The identification and classification of fusions of monoPGTs has provided a broader understanding of their roles in bacterial glycan biosynthesis pathways. The prevalence of sugar-modifying and GT bifunctional enzymes is consistent with the existence of protein–protein interactions facilitating product transfers within the respective pathways. Fusions with regulatory domains point to possible regulation of glycan biosynthesis at the PGT reaction specifically, allowing for conservative use of the limited supply of PrenP (48), the common substrate in these glycoconjugate biosynthesis pathways.

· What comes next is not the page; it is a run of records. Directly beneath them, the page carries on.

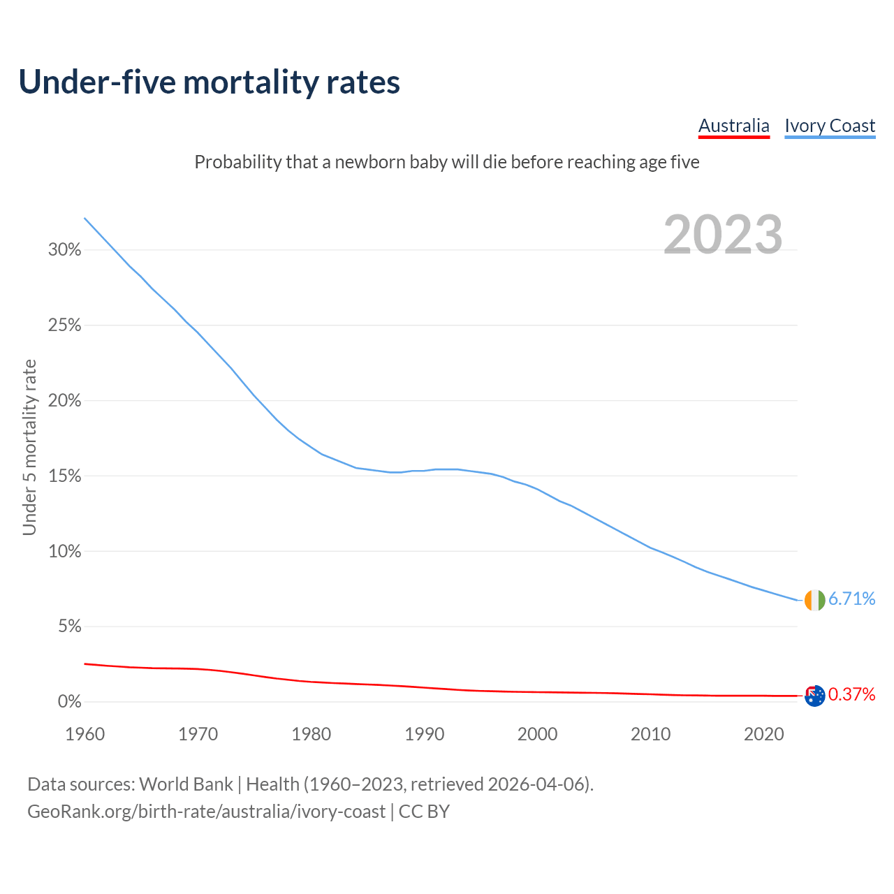 The chance that a newborn baby will die before reaching age five is 0.37% in Australia and 6.71% in Ivory Coast. Above is a chart with historical data on under-five mortality rates.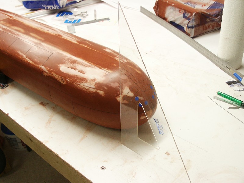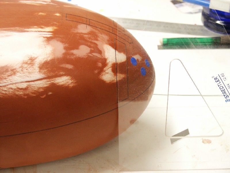 This morning I have some good progress shots to share. I've begun carefully laying down the Chartpak tape that will be used to make the recessed panel lines. This is a fairly tried-and-true method for creating butt-joined type panels in the model jet community. I'll be using this technique to outline only major features such as the doors that cover the cruise missiles, bowplane doors, towed radio buoy, etc... All the flood and limber holes will be marked using the same technique.
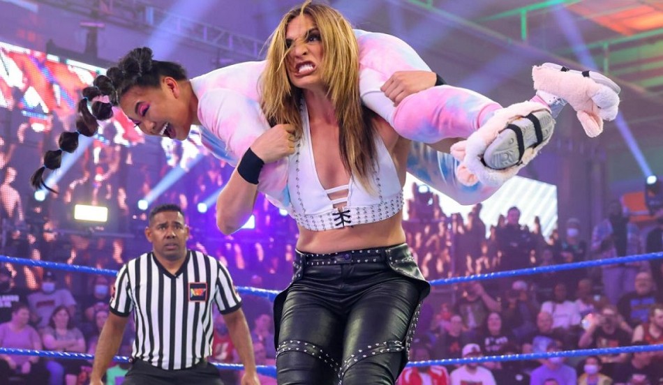 Gonzalez was dealing with a hurt knee (via a mid-match attack by The Toxic Attraction members) and she missed a Chingona Bomb attempt on Kai. Choo hit a moonsault on Gonzalez as Kai followed up with a double stomp for the pin to win.
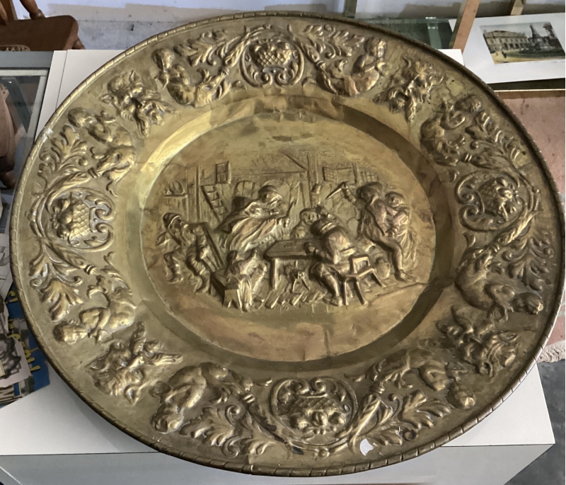 VINTAGE EMBOSSED BRASS ORNATE WALL PLAQUE,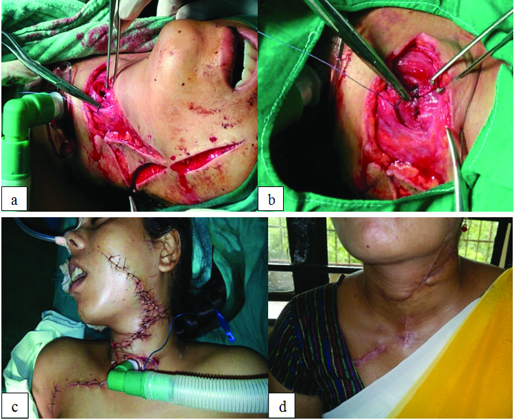 A 24-year-old female presented to the casualty with alleged history of assault by using knife on neck five hours earlier. Informant was the father. Multiple lacerations over neck and face, shoulder were present, out of which the largest wound was on neck extending from right sternocleidomastoid to left sternocleidomastoid horizontally and obliquely towards the left angle of mandible measuring approximately 15×3 cm [Table/Fig-1a]. Trachea was exposed and air leak was present through the defect [Table/Fig-1a]. There was no free bleeding, no swelling over neck and no obvious cervical spine injury. Patient was immediately shifted to operation room, airway secured by doing low tracheostomy below the defect. Then on exploration of the neck wound, all major vessels of the neck were found to be intact. Thorough saline wash was given and then debridement of wound with primary closure was done. A defect over anterior trachea found, was closed primarily using 3-0 vicryl [Table/Fig-1b] and then the neck wound was closed in layers, skin was sutured using 3-0 Ethilon [Table/Fig-1c]. Nasogastric tube was inserted and patient was put on antibiotic treatment. On day 14th sutures were removed and tracheostomy tube was changed to Fullers tracheostomy tube no.30, patient was able to talk afterwards. Nasogastric tube was removed on 21st day. Patient was discharged after that and follow up was done after one week [Table/Fig-1d].

Within a single organism, there can be multiple distinct pathways responsible for the diversity of glycoconjugates, each using PrenP as the lipid carrier (49). Sugar-modifying–monoPGT bifunctional enzymes impart a unique advantage to the respective pathways, especially if the sugar-modifying domain catalyzes the final step before the monoPGT transfers the sugar phosphate to PrenP. Such bifunctional enzymes could result in an advantageous increase in the local concentration of a modified soluble sugar substrate.
Similarly, the GT–monoPGT bifunctional enzymes might enhance flux through the pathway by overcoming a potentially unfavorable equilibrium of the PGT (21, 30). Regulation of glycoconjugate biosynthetic pathways at the PGT reaction may be the most efficient means for tuning pathway flux, in that it is the first membrane-committed step in the pathway, and the reactions catalyzed by PGTs, unlike those catalyzed by GTs, are isoenergetic. Regulation of the PGT reaction conserves PrenP and allows for triaging between the pathways within the bacterial cell. Such questions can now be addressed by biochemical analysis of monoPGT–regulatory domain fusions.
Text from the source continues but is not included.